# Anyone have a club in AZ



## Juli (Jan 18, 2005)

Hi all, Anyone know of a club in Phoenix, AZ or close by? Looking for other Maltese owners. Thanks, Juli


----------



## Mystify79 (Apr 6, 2004)

I'm in Phoenix!! I don't know of a club yet but we should get one started.


----------



## Max & Rocky (May 20, 2004)

Howdy.

3 Malts here so I think we have "enough" for our own club!!


----------



## Critterkrazy (Jan 17, 2007)

Ok, this is an old post but I thought I would give it life again. I am in the Phx area and would love to get together with other Malti lovers in the area for a fun play day.


----------



## bruinkoala (Aug 18, 2005)

i'm about 20 miles west from phoenix!


----------



## Rocky's Mom (Apr 10, 2010)

I know these are really old posts...but wanted to see if anyone here is still interested. I'm in Phoenix too!


----------



## Lacie's Mom (Oct 11, 2006)

Dianne -- there are a few others in the Phoenix area too. MalteseJane lives in the Buckeye area, and I'm in Phoenix visiting DH about once a month (with the girls).
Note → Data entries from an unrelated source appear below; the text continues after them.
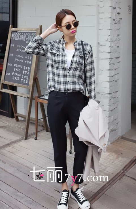 搭配看点:哈伦裤作为本季最热的时尚单品之一,绝对是每个时尚菇凉必备的单品哦,不管是百搭的黑色款还是优雅的灰色款都十分时髦有范,搭配格子衬衫也十分个性出众,鞋子选择一款和裤装同色的帆布鞋显高又极具时尚韵味哦。
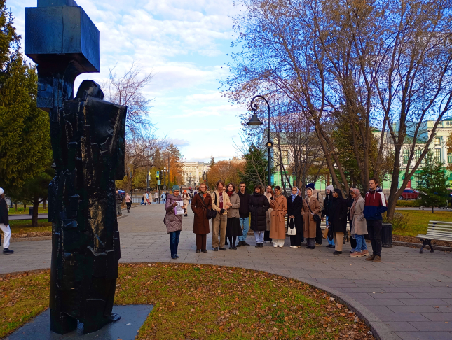 В канун дня рождения известного русского писателя Ф.М. Достоевского доцент кафедры иностранных языков Ю.Г. Косякова провела для студентов двух факультетов пешеходную экскурсию «По следам Ф.М. Достоевского в Омске».
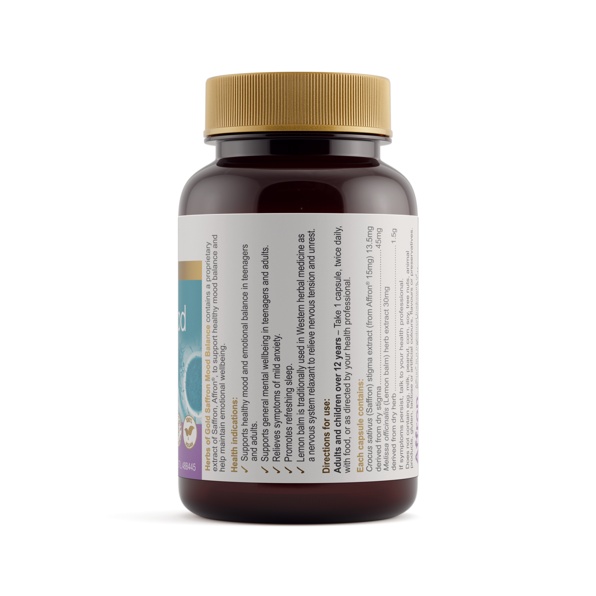 Herbs of Gold Saffron Mood Balance contains a unique blend of high-quality Saffron plus Lemon balm to support general mental wellbeing.
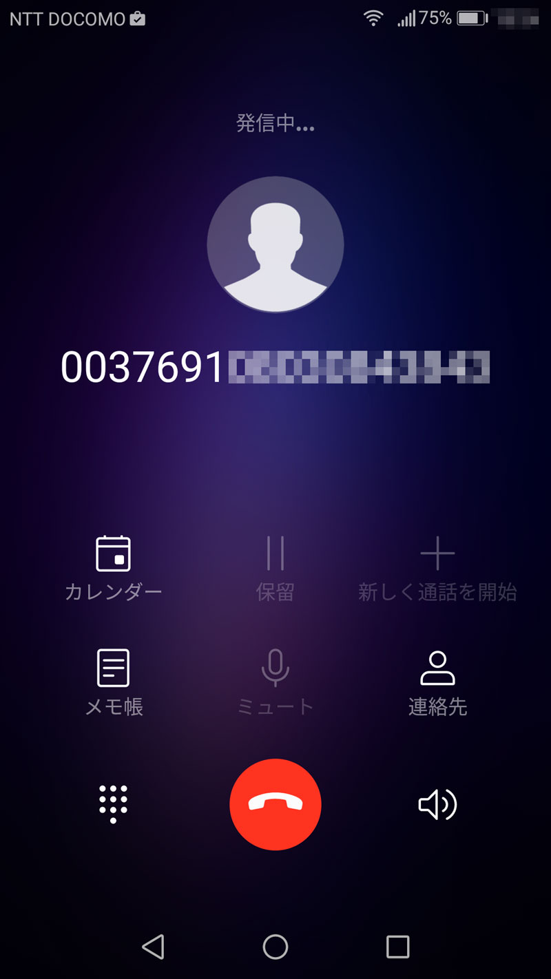 この状態で通常の電話アプリを使って電話をかけてみると、画面には少しメッセージが出てダイアル発信開始。 かけている電話番号は頭に0037691の番号がついた状態でかけていて、しっかりとみおふぉんを使用している。すごい。
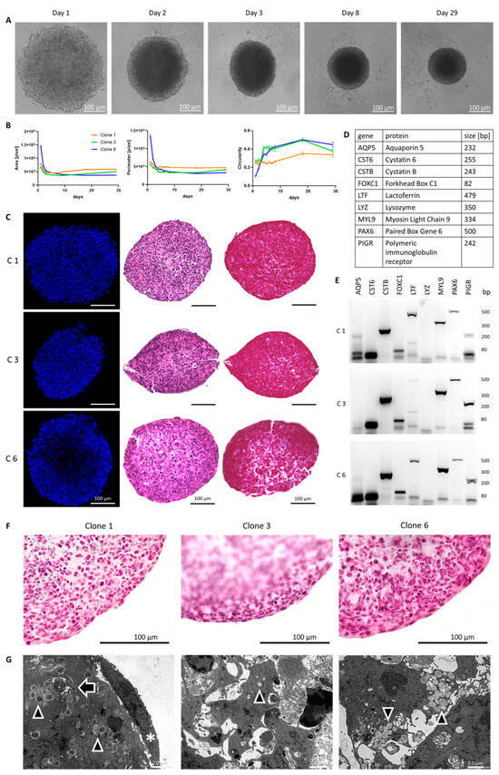 Analysis of the 3D spheroid cell culture model with immortalized lacrimal gland cells. (A) Transmitted light microscopy during the culture period of 3D-grown cells of clone 6. (B) Analysis of the area, perimeter and circularity of the spheroids of clones 1 (orange), 3 (green) and 6 (blue) over the course of a 29-day growth period. Data are means ± SEMs. [Day 1–8 n = 24, day 18 n = 9, and 29 n = 9]. (C) Image of 8-day-grown spheroids of clones 1 (C1), 3 (C3) and 6 (C6) with immunofluorescence staining against the nucleus (blue, left column), hematoxylin–eosin (middle column) and azan staining (right column). (D) List of the genes tested in (E) with gene names, names of the respective protein product and the expected amplicon size. (E) Agarose gels with the amplification products of RT-PCR against marker genes tested in clones 1, 3 and 6. (F) Magnified image of 8-day grown spheroids of clone 1, 3 and 6 with hematoxylin–eosin staining. (G) Transmission electron microscopy (TEM) image of 8-day grown spheroids with secretory granules (arrowheads), glycogen aggregation (arrow) and spheroid border cell (star).
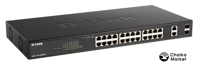 неуправляемый, стоечный, матрица 52 Гбит/с, 38.69 Mpps, 24xGbit, 2xGbit/SFP, PoE, бюджет 370 Вт
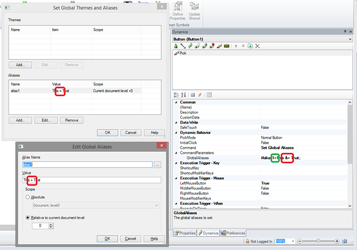 NOTE: If an alias value includes an 'equals' character, this will be encoded as “&=” (as you can see in the image below - within the Property Grid). This encoding occurs so that it can be differentiated from the “=” that separates the alias name and the alias value (circled in green in the same example below). The “Set Global Themes and Aliases” GUI will do this encoding for you (notice the items circled in red), but if you want to type the string directly into the Property Grid, you will need to know proper the encoding to use.
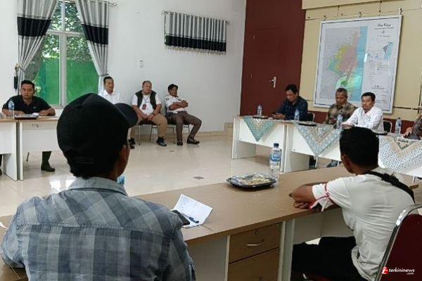 Saat mediasi di Kantor Balai TNWK, perwakilan masa diterima oleh Direktur Konservasi Kawasan Ditjen KSDAE KLHK; Sapto Aji Prabowo dan Kepala Balai TNWK M Zahdi didampingi Kepolisian dan TNI setempat.
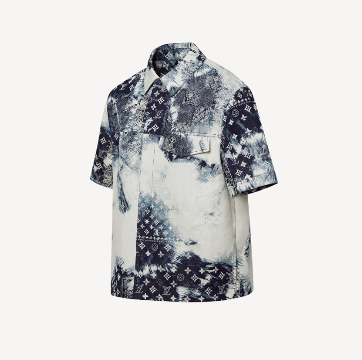 MONOGRAM silk scarf printed denim short sleeve shirt
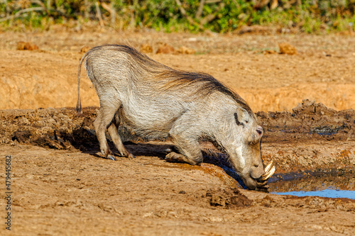 © geoffsp, Fototapeta premium Large Warthog kneeling at waterhole
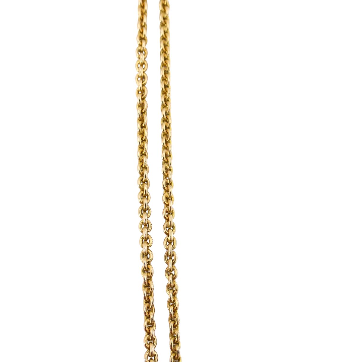The pendant measures 1 inch in length and 7/8 inch in width, suspended from a 16 3/4 inch round-link chain finished with an early-style spring ring clasp. Together, they weigh 10.33 grams in total.
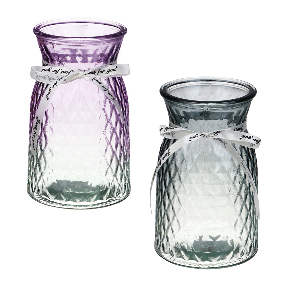 Ваза из цветного стекла размером 18х11 см — изысканное украшение для любого пространства. Нежный ромбовидный орнамент добавляет изящества и утонченности, а милый бантик придает вазе трогательный и праздничный вид. Благодаря компактным размерам она идеально впишется в любой интерьер. Может использоваться в качестве самостоятельного декора, а также будет прекрасно смотреться вместе с цветочным букетом из живых или искусственных цветов. Ваза станет прекрасным подарком для близких или стильным акцентом в вашем доме, наполняя пространство теплом и уютом. Цвет в ассортименте.
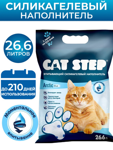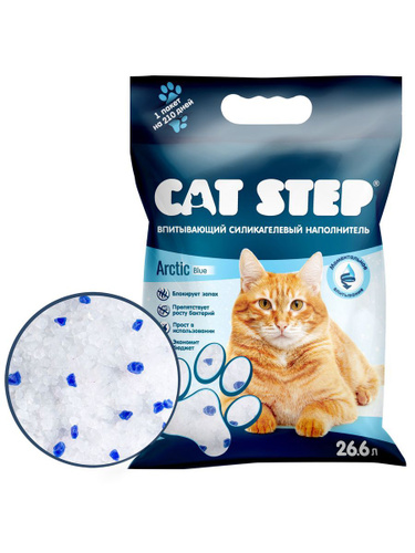 Наполнитель для кошачьего туалета CAT STEP "Arctic Blue", 26,6 л, силикагелевый, впитывающий, без запаха, в гранулах, для лотка
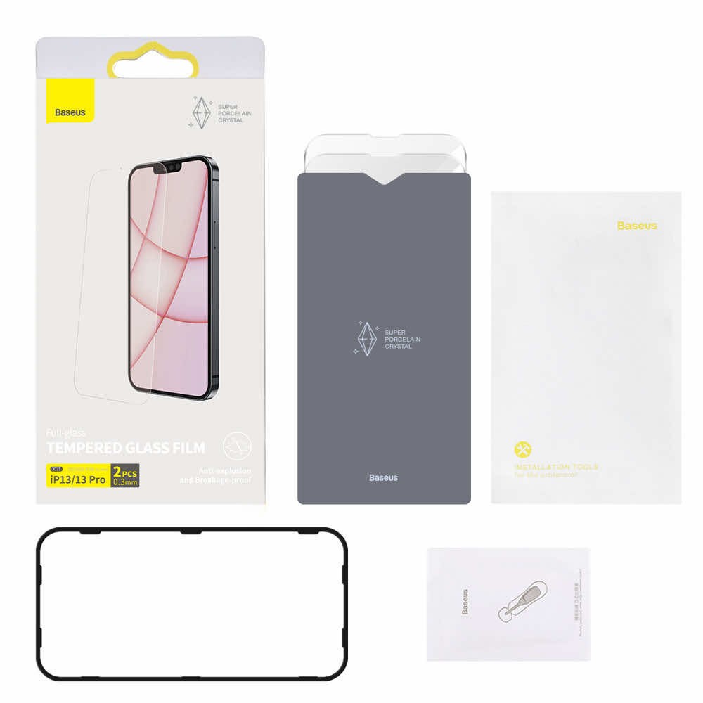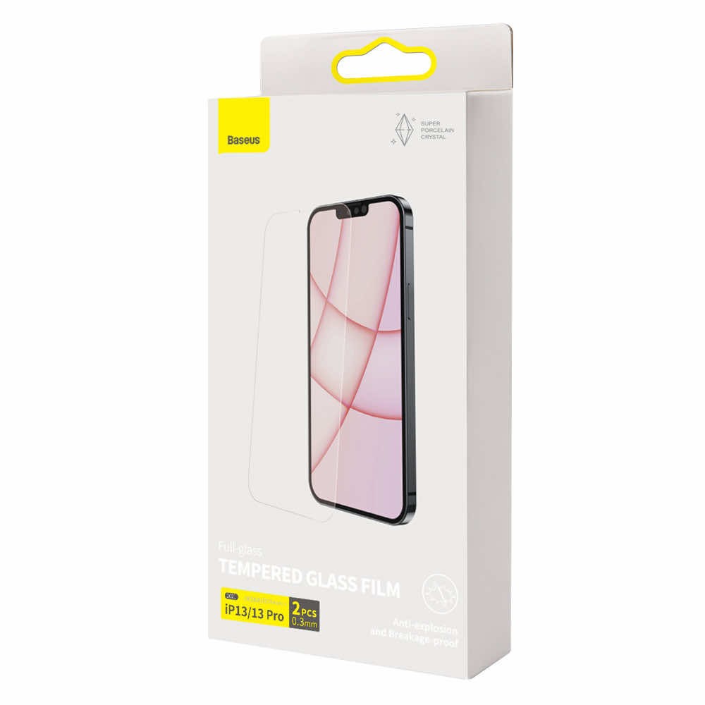 Baseus Full Screen Porcelain Tempered Glass (SGBL030102) - стъклено защитно покритие за целия дисплей на iPhone 13, iPhone 13 Pro (прозрачен) (2 броя)
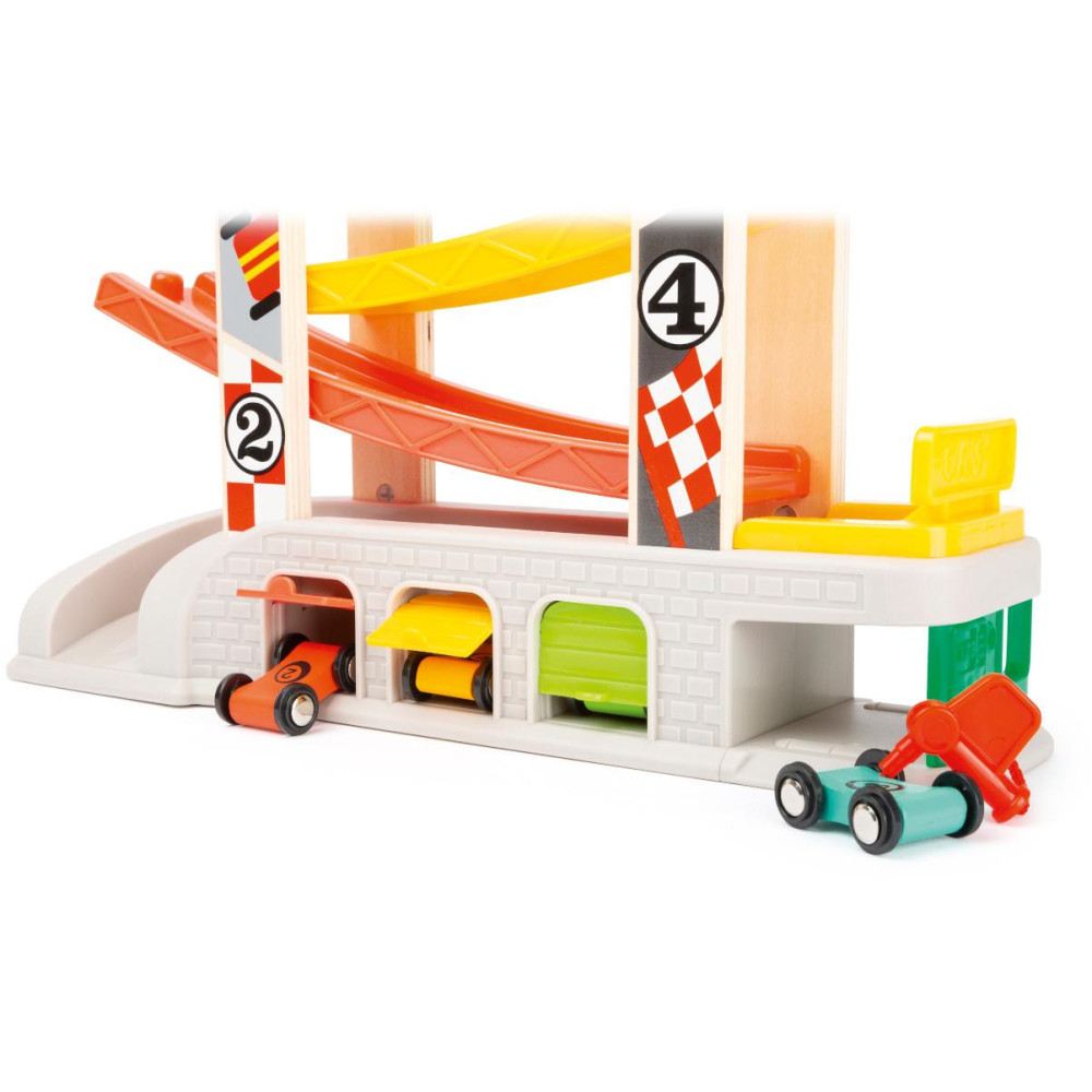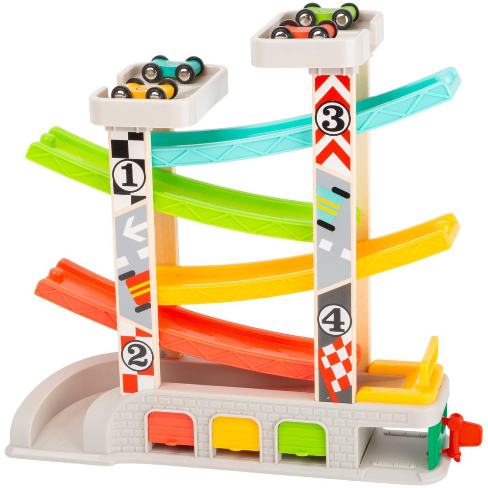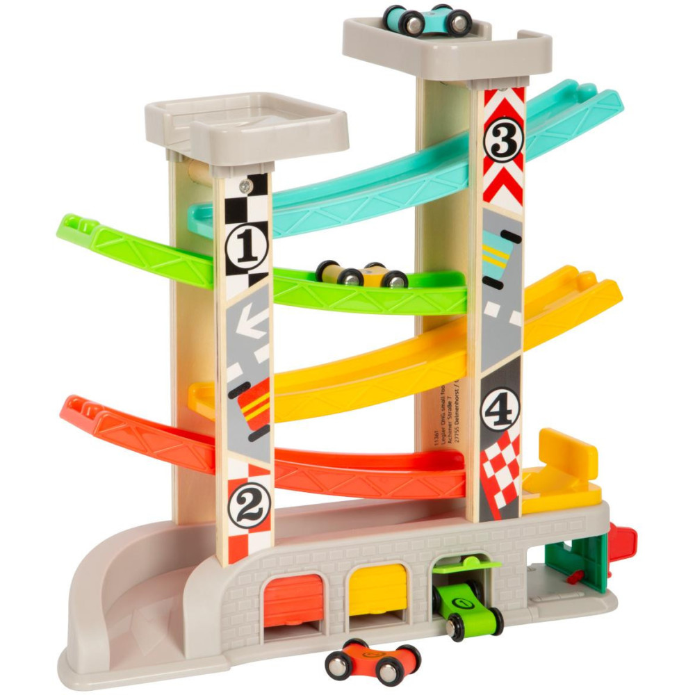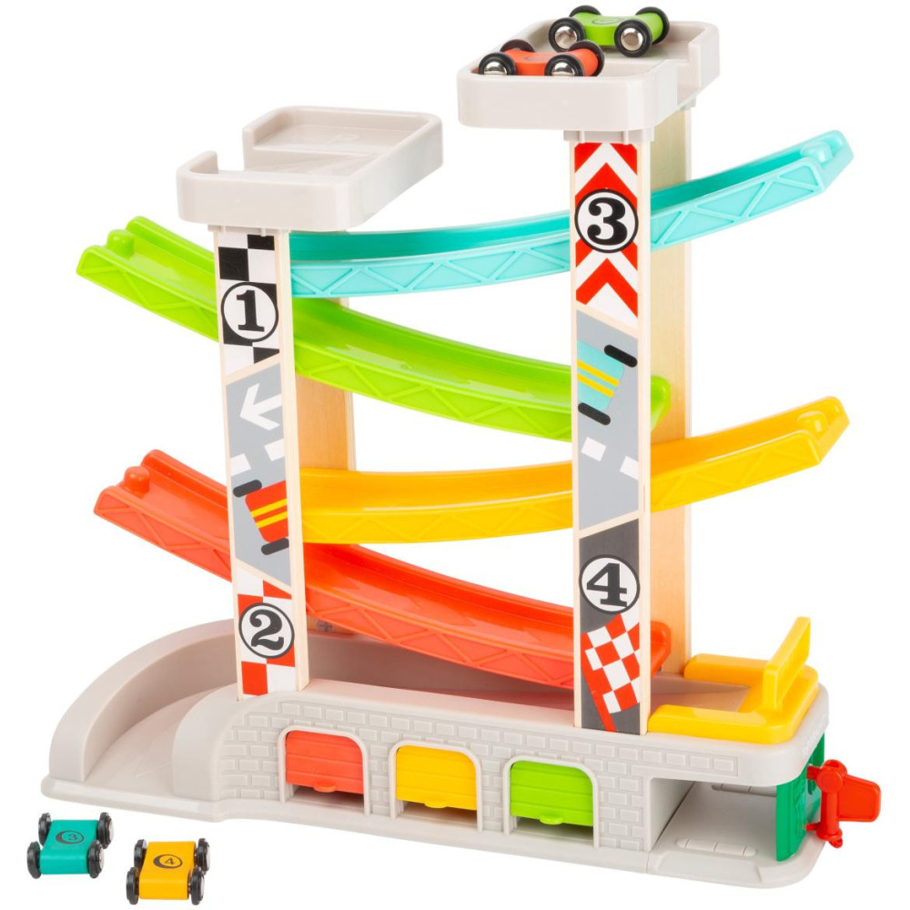 Prohánějte autíčka rychlostní kaskádou, jeden závodník může v těsném závěsu stíhat druhého v atmosféře plné napětí. Dráha je vybavena nejen dvojicí startovacích plošin, ale i zastávkou v boxech, díky které lze rozehrát hry rozvíjející dětskou představivost. U paty dráhy naleznete garáže s otevíratelnými dvířky, kde mohou autíčka odpočívat mezi závody a lze je prakticky využít k úklidu i přenášení hračky. Robustní a odolné provedení kombinuje plastové a atraktivně potištěné dřevěné díly. Díky své jedinečné barevnosti kaskáda snadno upoutá pozornost a podnítí dětskou zvědavost.

CritterCrazy lives in Gilbert, and I think I may be missing a few others.


----------



## MalteseJane (Nov 21, 2004)

Somebody is in Sierra Vista (don't remember her name). But this is quite a drive from Phoenix.


----------



## Hakutou (Jul 13, 2011)

Hello Everyone! Im new here and I live in the Lake Pleasant/West Wing area! A play date would be nice!


----------